I know I can't do it. I've fucked my ankles too many times in too many different ways that I wouldn't get through half a day. If it was just powder surfing sure, but anything firm or any jumps or drops and I'd be out


----------



## Alonzo (Dec 30, 2015)

Synathidy said:


> I saw some documentary sort of thing posted on youtube in which I learned that the great Damian Sanders, whom could arguably be considered a "baron of boning," donned hard boots in the era around 1990, despite his penchant for contorting and poking his board in all manner of radical positions.
> 
> However... I wasn't around then and suspect that maybe the standards of boot stiffness have shifted over the years. So maybe what was "hard" then is "softer" today. I do not know; maybe someone who was around then does. It was interesting to hear of, anyhow-- the idea that maybe one COULD bone out grabs in hard boots.
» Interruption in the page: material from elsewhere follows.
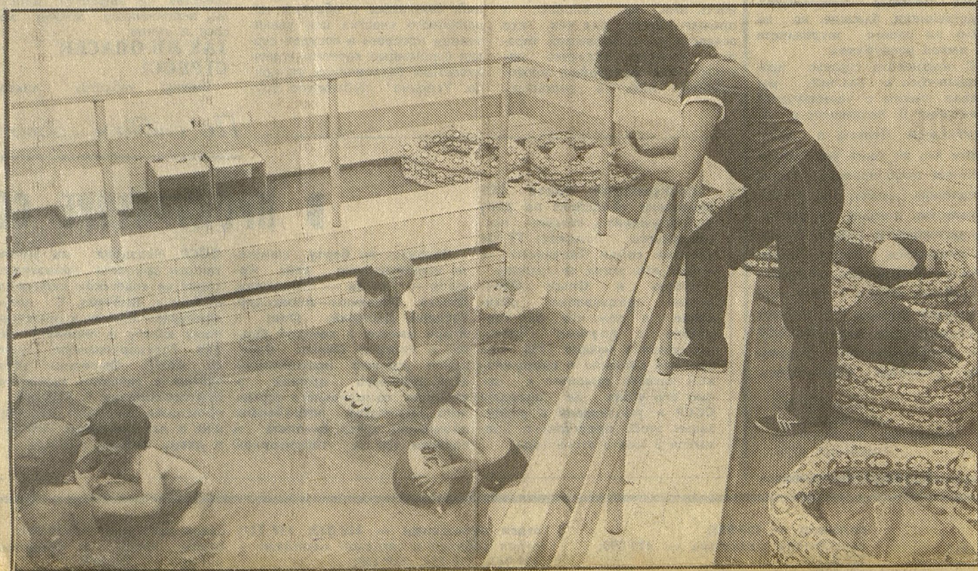
В бассейне детсада «Виту релис».

I'm only just getting introduced to the bear basics of grabs myself, but really think the "boned" grabs look fun and cool. Definitely would like to do them at a point when I'm comfortable getting more air time.
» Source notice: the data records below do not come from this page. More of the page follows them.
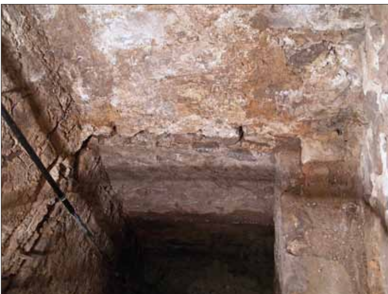
Abb. 4: Blick in das Tauchbecken der Schachtmikwa mit Grundwasser.
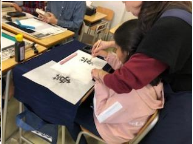
書道の先生に筆使いを教えてもらっています
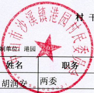
村干部及村工作人员待遇补贴情况表

He used to modify the hell out of them to make them softer. A lot of splitboarders do similar modifications to alpine touring ski boots to give them more forward, medial and lateral flex.


----------



## 161210 (Feb 9, 2018)

WideRanger said:


> Yes, that's exactly it! The way I want to ride powder is a lot like carving on a downhill skateboard - legs as straight as possible, feet flatter, and ankles flexed. Stiff boots force me to bend my knees more on heelside carves; it's a bad feeling.
> 
> I've been riding the Taro Tamai boots this winter -- they're the only modern boots I've found that have supposedly softer flex but also higher end features like boa and rubber soles. But I still think they are too stiff for my preference. They're ok but I'd love to find an even flexier boot.
> 
> ...


Yes, if I am just doing a couple o runs (small family type ski resort ten minutes from the house) then I sometimes take those runs in Sorels...but I am using ancient and very stiff drake bindings with them though...very comfy and it works. Sorels are useful anyways...why not try a new pair and a set of stiff bindings for a run or two and see how that works for you? Demo the bindings and at worst you just have a new set of useful for winter Sorels...


----------



## Gnarly (Mar 12, 2008)

Get some Ride Insano's. Those are way soft boots.


----------



## SGboarder (Jun 24, 2012)

Gnarly said:


> Get some Ride Insano's. Those are way soft boots.


Not really funny


----------